*** Begin section ***

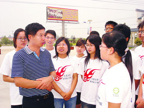 2009年7月3日,江蘇大學(xué)學(xué)生暑期到小崗村進(jìn)行社會實踐,圖為沈浩同志向大學(xué)生介紹小崗村情況。 資料照片
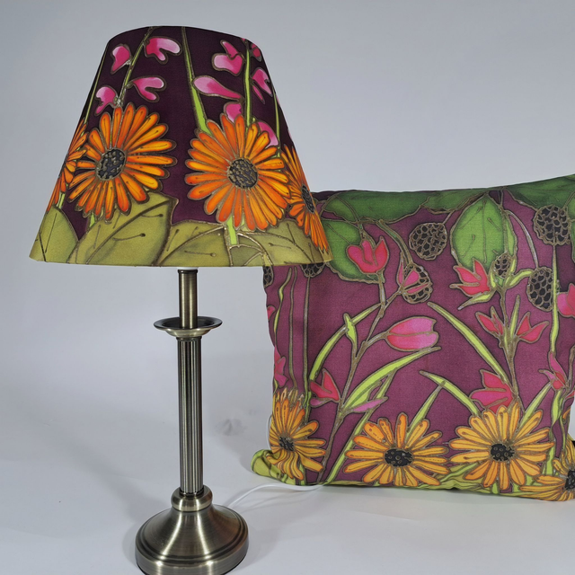 A medium hand painted silk lampshade from my "Hedgerow" collection.
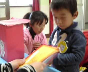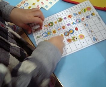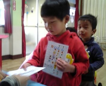 出席シールをペッタン
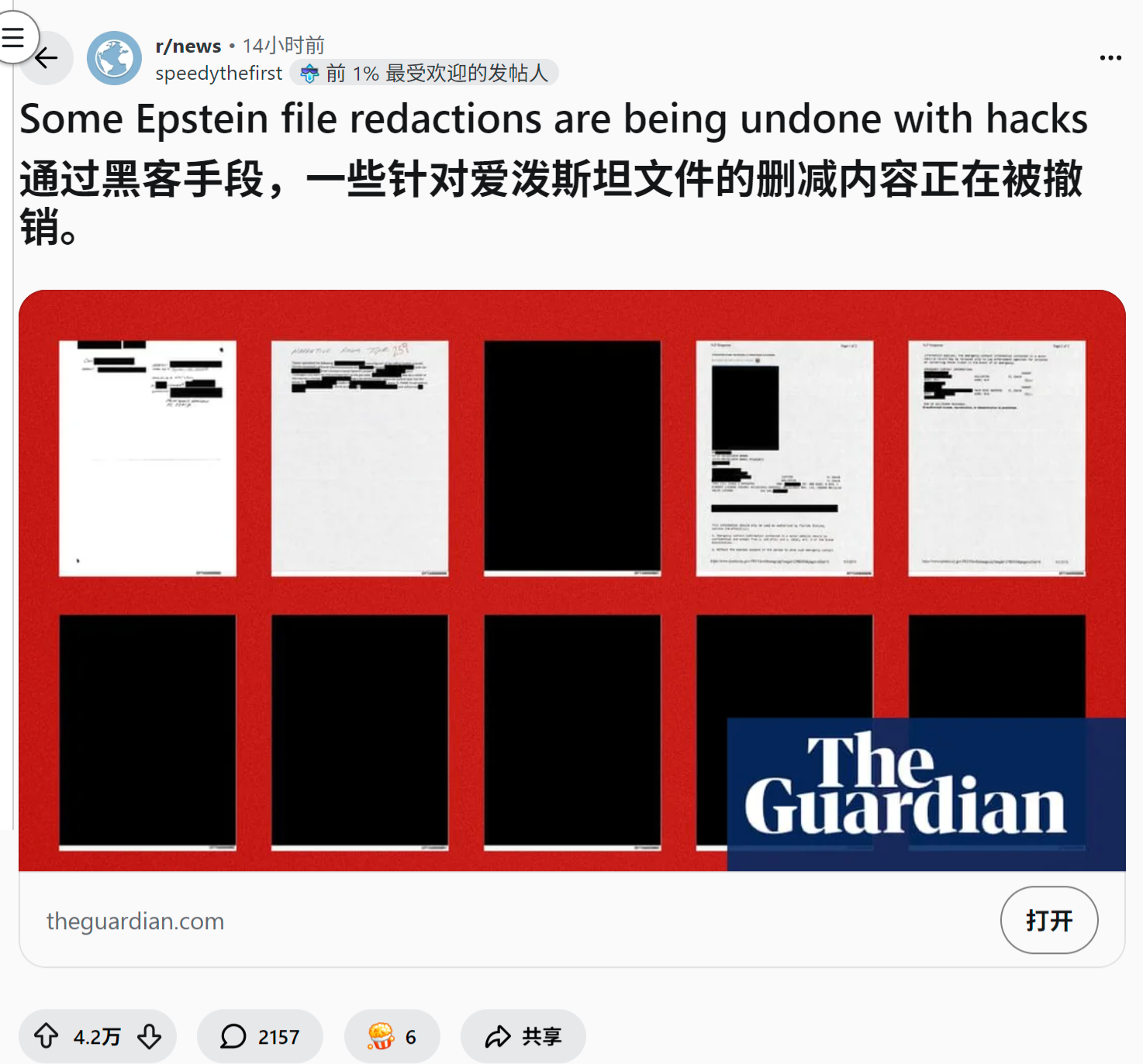 reddit爆火 美国人怎么看通过黑客手段,一些针对爱泼斯坦文件的删减内容正在被撤销
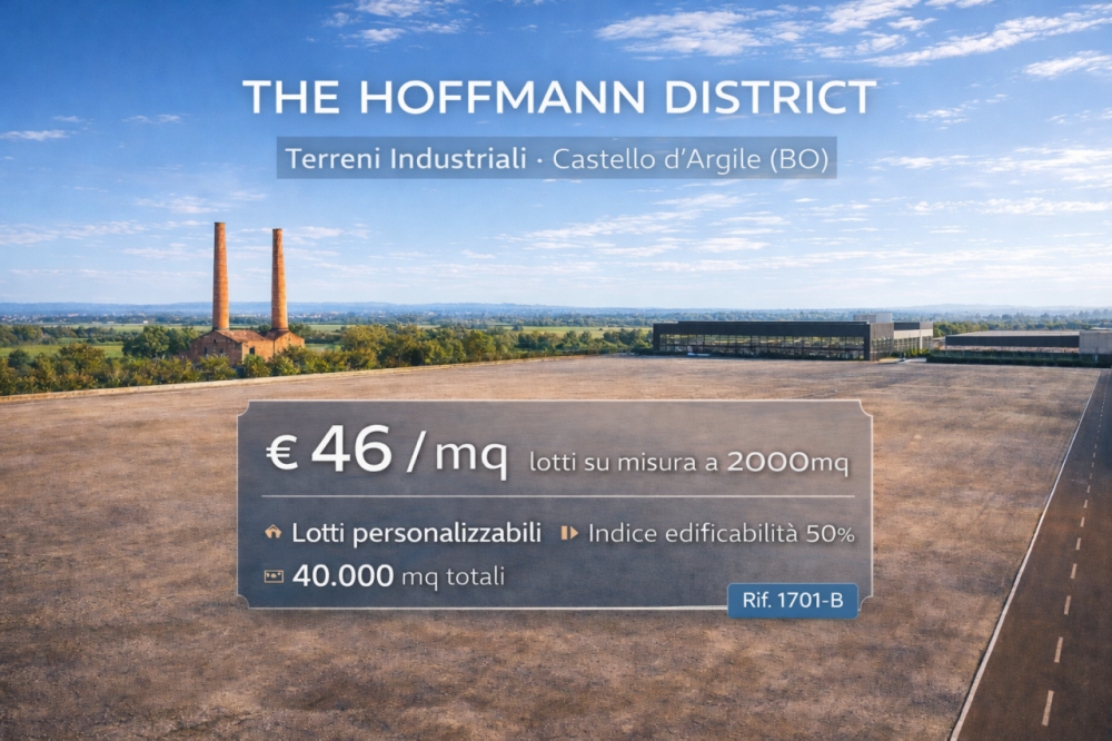 THE HOFFMANN DISTRICT - CASTELLO D'ARGILE (BO) Sei pronto a dare forma al futuro della tua impresa? Tra Bologna, Ferrara e Modena, nel cuore pulsante dell'Emilia produttiva, ti aspetta un'opportunità che ridefinisce le regole del mercato: il "The Hoffmann District". Non stiamo vendendo un semplice pezzo di terra, ma una vasta area di 40.000 mq divisibile in lotti di varie dimensioni, che funge da tela bianca per la tua visione imprenditoriale. Abbiamo deciso di aprire il nostro ampio comparto per chi, come te, non si accontenta di soluzioni preconfezionate e crede nel valore della personalizzazione e della libertà progettuale. Il cuore dell'offerta è il prezzo, un numero che non teme confronti: solo € 46 al metro quadro. Questa quotazione, estremamente aggressiva per la provincia di Bologna, riflette lo stato attuale del terreno: non è ancora urbanizzato. E qui sta il vero vantaggio: questa condizione ti offre la libertà totale di gestire e ottimizzare l'iter urbanistico, realizzando da zero le opere (strade, fognature, allacciamenti) esattamente come servono al tuo progetto, massimizzando l'efficienza e i margini operativi. Che tu abbia bisogno di 1.000 mq, 5.000 mq o di più, troviamo la soluzione giusta per te, con un indice di edificabilità generoso del 50%. Scegliendo "The Hoffmann District", non solo fai un affare economico, ma investi in un luogo con un'anima. Il contesto di rigenerazione (brownfield), con le sue due storiche ciminiere che svettano sullo sfondo, è perfettamente allineato ai moderni criteri di sostenibilità e ti garantisce un'identità unica. Dimentica i vincoli dei capannoni datati. Qui si parte dalla terra, per costruire il tuo successo. Sei un operatore esperto che sa riconoscere il vero potenziale e il valore nella gestione diretta dello sviluppo? Contattaci subito per definire la metratura del tuo lotto ideale. La trasparenza e la concretezza sono di casa. Trattativa riservata. Chiamate ora. Rif.:1701-B a partire da 60.000 euro +iva

*** End section ***

— What you are asked to do —
Set down the complete material exactly, but do not include the images.

— Expected output —
 2009年7月3日,江蘇大學(xué)學(xué)生暑期到小崗村進(jìn)行社會實踐,圖為沈浩同志向大學(xué)生介紹小崗村情況。 資料照片
 A medium hand painted silk lampshade from my "Hedgerow" collection.
 出席シールをペッタン
 reddit爆火 美国人怎么看通过黑客手段,一些针对爱泼斯坦文件的删减内容正在被撤销
 THE HOFFMANN DISTRICT - CASTELLO D'ARGILE (BO) Sei pronto a dare forma al futuro della tua impresa? Tra Bologna, Ferrara e Modena, nel cuore pulsante dell'Emilia produttiva, ti aspetta un'opportunità che ridefinisce le regole del mercato: il "The Hoffmann District". Non stiamo vendendo un semplice pezzo di terra, ma una vasta area di 40.000 mq divisibile in lotti di varie dimensioni, che funge da tela bianca per la tua visione imprenditoriale. Abbiamo deciso di aprire il nostro ampio comparto per chi, come te, non si accontenta di soluzioni preconfezionate e crede nel valore della personalizzazione e della libertà progettuale. Il cuore dell'offerta è il prezzo, un numero che non teme confronti: solo € 46 al metro quadro. Questa quotazione, estremamente aggressiva per la provincia di Bologna, riflette lo stato attuale del terreno: non è ancora urbanizzato. E qui sta il vero vantaggio: questa condizione ti offre la libertà totale di gestire e ottimizzare l'iter urbanistico, realizzando da zero le opere (strade, fognature, allacciamenti) esattamente come servono al tuo progetto, massimizzando l'efficienza e i margini operativi. Che tu abbia bisogno di 1.000 mq, 5.000 mq o di più, troviamo la soluzione giusta per te, con un indice di edificabilità generoso del 50%. Scegliendo "The Hoffmann District", non solo fai un affare economico, ma investi in un luogo con un'anima. Il contesto di rigenerazione (brownfield), con le sue due storiche ciminiere che svettano sullo sfondo, è perfettamente allineato ai moderni criteri di sostenibilità e ti garantisce un'identità unica. Dimentica i vincoli dei capannoni datati. Qui si parte dalla terra, per costruire il tuo successo. Sei un operatore esperto che sa riconoscere il vero potenziale e il valore nella gestione diretta dello sviluppo? Contattaci subito per definire la metratura del tuo lotto ideale. La trasparenza e la concretezza sono di casa. Trattativa riservata. Chiamate ora. Rif.:1701-B a partire da 60.000 euro +iva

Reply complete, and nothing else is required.